Минут через двадцать явился один Рене. Сказал:
– Если вы не передумали, я предупреждаю вот о чём. Когда ритуал начнётся, будет куда сквернее, чем вы сейчас ожидаете. Только вы уже не сможете из него выйти, потому что переломаете всё и вся. Пойдёт что-то не по плану - мы, скорее всего, и сами почувствуем и исправимся. Прямо по ходу. Но так или иначе доведём до конца. Будем вынуждены. Стоп-сигнал, тем не менее, предусмотрен: вы скажете нам, кто вы есть. В двух словах. Нет, сейчас не надо: важен не звук, а внутреннее понимание.
– Это вроде как коан?
– спросила Та-Циан. - То есть как ни обсосано тысячами адептов, а мастер без ошибки узнаёт верную интонацию новопросветлённого?
– Вроде, - согласился Рене. - Плюс чуточку дедукции и умышленных оговорок с нашей стороны.
"Я недооценила ум обоих. Хотя наверняка он развился за это время".
За дверью в заветное место не так много изменилось: зеркало (зеркало? Не помню такого) было задёрнуто кисеёй, спальный матрас поставлен на ребро и прислонён к стене, гламурные козлы выдвинуты на середину, нижний, "взрослый" ряд орудий производства угрожающе поредел - правда, тех, что лежали на полу, из деликатности накрытые скатёркой, казалось тоже немного. И пахло чем-то необычным - вроде бы пыль на отопительной батарее затлелась.
Мужчины закрыли за хозяйкой дверь и теперь поспешно раздевались по пояс. Ничего эфемерного в них и впрямь не осталось: рослая, налитая плоть. Живая сталь, что перекатывается под шёлком.
– Мне тоже так?
– спросила она, стягивая с плеча халат. - Или изо всего?
– Нет, погодите, - ответил Рене. - Есть просьба. Только не пугайтесь. Дайте нам по удару поперёк плеч. Изо всех сил, чтобы разозлить.
– И освятить наше право, - еле слышно прибавил Дезире.
– Чудненько. Да с какой стати мне вас портить?
– Мы мигом отойдём от шока и зарубцуемся, - успокоил он.- А потом получится как у того палача, который бьёт, держа Коран под мышкой: чтобы размах не получался таким уже большим.
И протянул ей короткий толстый кнут из их арсенала. Повернулся к стене, лёг грудью на матрас, расставил пошире ноги:
– Ну, давай, аньда-кукен.
Кажется, её рука сама замахнулась и ударила. На молочной коже, чуть ниже лопаток, разверзлась как бы ножевая рана, но дно её тут же начало тускнеть, поднимаясь и смыкаясь с краями. Рене отлепил товарища, подвинул
– Теперь я. Смелее, джан.
Он оказался поджар и неожиданно тёмен, будто не совсем человек, а некое загадочное лесное существо. Удар лишь резко высветлил его кожу.

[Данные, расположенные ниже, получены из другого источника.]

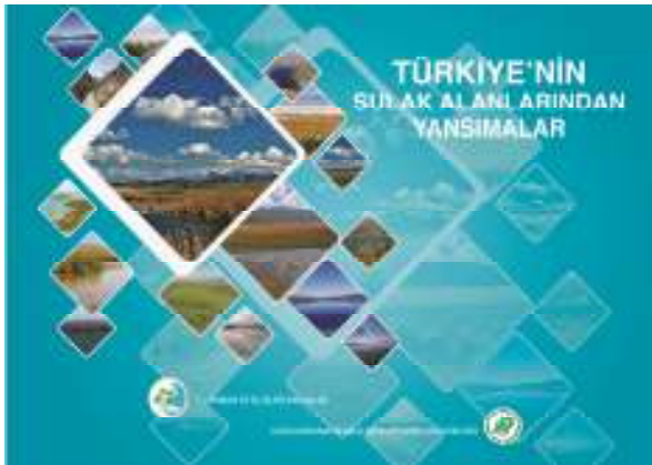
(Reflection from Turkey’s Wetlands)

Furthermore, MoFWA, GDNCNP Division of Wetlands produced interesting materials both for people and children. The book for Turkish Ramsar Sites (which also includes our new Ramsar site Nemrut Caldera) is published in Turkish and also in English. There is another book namely “The Reflection from Turkey’s Wetlands”. And there are 2 sets of Cards about Turkey’s Birds and Turkey’s Wetlands. These cards are especially for school children. There are 100 cards both in Turkey’s Birds and Turkey’s Wetlands.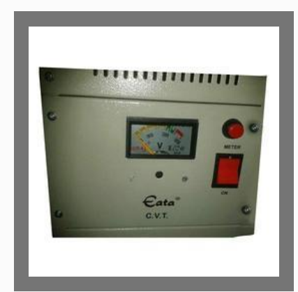
Constant Voltage Transformer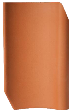
RT 806 (red tile)

Product illustrations: The illustrated products below are examples of products covered by this EPD. The EPD covers the mentioned products sold as part of the "GREENER" production line.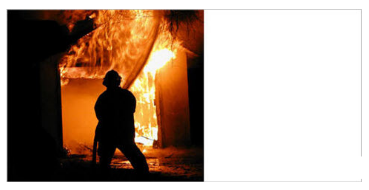
TRACCESS CI Custom Login Image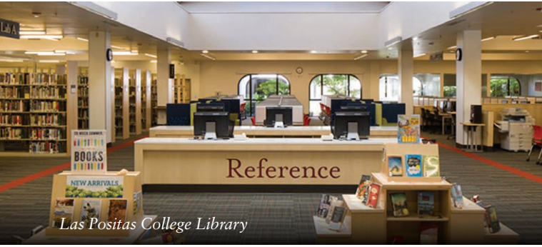
Las Positas College Library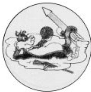
This cartoon cat insignia was used by the squadron prior to 1955 but was never officially approved.

When the squadron deployed aboard Hornet (CVA 12) during its world cruise in 1954 it was using a cartoon cat insignia. There is no record of this insignia being officially approved for use by the squadron.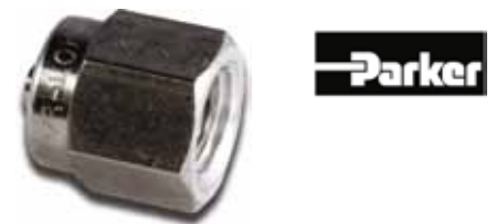
A-LOK Metric Tube Plug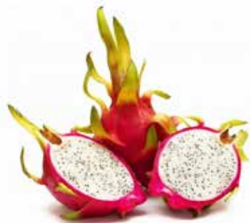
#2511 Dragon Fruit (Pitaya) (case)

Available the Week of 11/5/18 – 11/10/18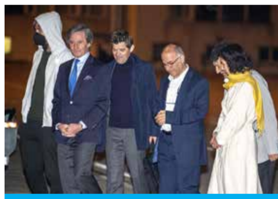
MELSBRÖEK, Belgium: Belgium's Minister of Foreign Affairs Hadja Lahbib welcomes Thomas Kjems, Kamran Ghaderi and Massud Mossaheb upon arrival at Melsbroek military airport on June 3, 2023, after being released from detention by Iran.

The exact number of foreign passport holders still be-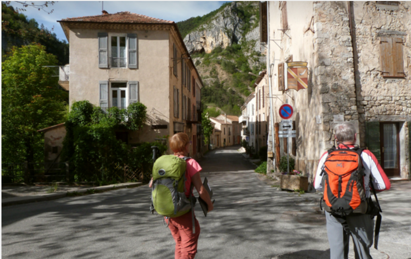
Village d'Orpierre (CDRP05)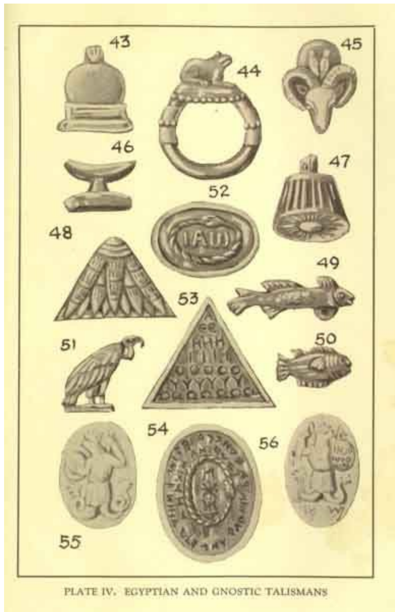
PLATE IV. EGYPTIAN TALISMANS

The Fish talisman (Illustrations Nos. 49, 50, Plate IV ) is a symbol of Hathor--who controlled the rising of the Nile--as well as an amulet under the influence of Isis and Horus. It typified the primeval creative principle and was worn for domestic felicity, abundance, and general prosperity. The Vulture talisman (Illustration No. 51, Plate IV ) was worn to protect from the bites of scorpions, and to attract motherly love and protection of Isis, who, it was believed, assumed the form of a vulture when searching for her son Horus, who, in her absence, had been stung to death by a scorpion. Thoth, moved by her lamentations, came to earth and gave her "the words of power," which enabled her to restore Horus to life. For this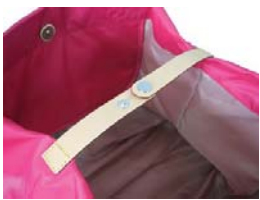
Convertible bag size by the hook.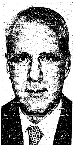
James R. Schlesinger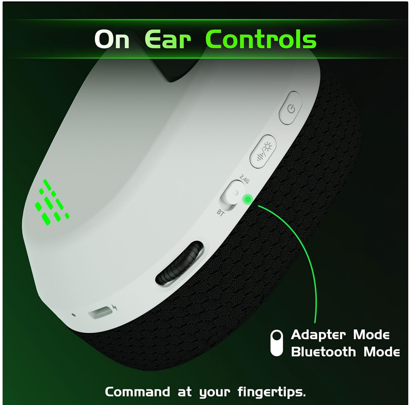
Image: Close-up of the headset's left earcup, showing the power button, light button, 2.4G/BT mode switch, and volume scroll wheel.

Adjust the volume using the scroll wheel located on the left earcup.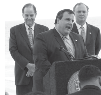
2009 Governor vows to veto any port off NJ

This fall is our last chance to fight the Port Ambrose LNG facility and pressure Governor Christie & Governor Cuomo to veto this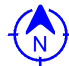
Figure #2 Gopher Tortoise Survey Gopher Tortoise Relocation

ChampionsGate 6236 Ronald Reagan Parkway Davenport, Florida 33896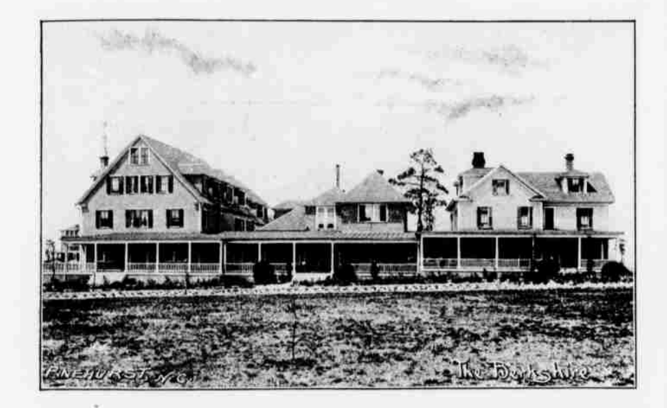
Pinehurst, N. C.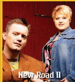
New Road II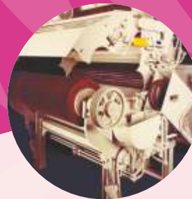
Easy Saw Mandrel Ejection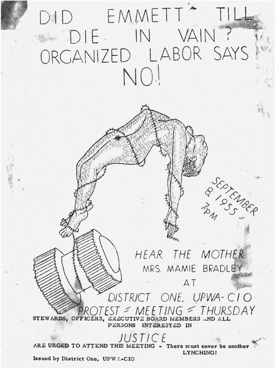
Figure 1. The United Packinghouse Workers of America (UPWA) was the first organization to sponsor a rally featuring Emmett Till's mother as a speaker. Over the next several weeks, Mamie Bradley spoke at dozens of rallies across the United States, sponsored by labor unions, churches, and the NAACP.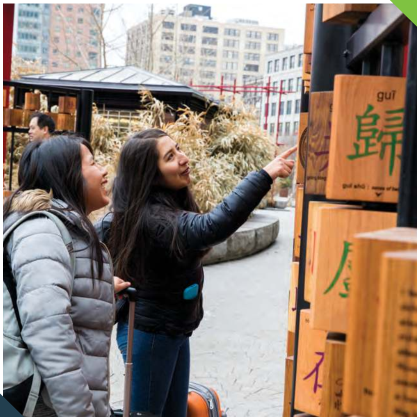
Year of the Dog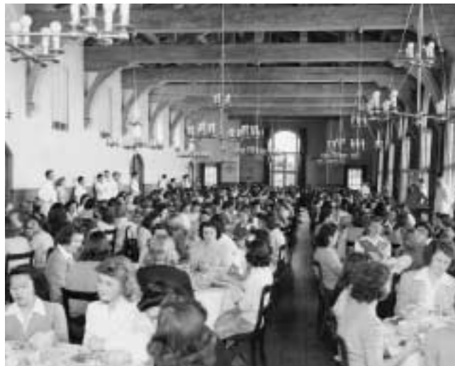
Lagunita Court's dining room: "Toward the end of the main course, at 7:40, the lights in the dining room went out...one candle was set upon each of the service tables, and the heavy curtains were drawn."

Та-Циан подтянула орудие к себе, свернула вдвое:
– Хватит с вас?
И тут же едва не сронила кнут наземь. Под кисеёй, что оказалась почти напротив её глаз, не блестело. Николько.
Стянула покрывало концом рукояти. И обмерла.
...Томный Христос, простертый на яблоне: глаза наполовину прикрыты веками, между кистей расцвели розоватые гроздья, ноги вросли в ствол, виноградная лоза подменила собой набедренную повязку.
Не икона тётушки Глакии - скорее тот оригинал, с которого сделан лубочный список.
– Бог Один тоже сам себя подвешивал к дереву, - сказали за спиной, - чтобы обрести прозрение. Но в жертву всей земле, а не Знанию и человечеству, принёс себя лишь динанский Бальдур. Повелевающая Ветрами - ипостась Лилит, утерянной и возвращённой. Даже Терги суть согрешивший Адам и его чистая супруга.
Та-Циан всю жизнь обступали направляющие символы.
Чувствуя, что она застыла едва ли не намертво, сзади добавили:
– Вы не возражаете, если мы сами всё сделаем?
Косу скрутили в тугой жгут, одежду совлекли с плеч. Гибкий металл живых кандалов намертво обхватил руки, оторвал от пола и прислонил к чужой спине так, что соски приникли к лопаткам, а большие пальцы ног едва коснулись пола.
Потом было безбрежное чистилище, спрессованное в два часа ада.
Удерживают. На минуту опускают, поворачивают на оси и опять вздёргивают на дыбу - пламя обволакивает лоно, льнёт к соскам, обвивает коконом. Овевает.
И так без конца.
Боль вынести невозможно - если ты веришь в то, что о ней обычно говорят. Сигнал о кризисе, о смертельной опасности, о разрушении нежно любимого тела. Наконец, о самой смерти. Знак твоей греховности, из-за чего ты не умеешь обойтись без страданий в самых богоугодных делах типа физической работы и безоглядной маевтики.
– Что, никак не рожу? - сквозь стиснутые зубы. Это об истине.
Сходство есть. Но как ни ужасна такая боль и как ни терпимы родовые муки, последние куда тяжелей и омерзительнее.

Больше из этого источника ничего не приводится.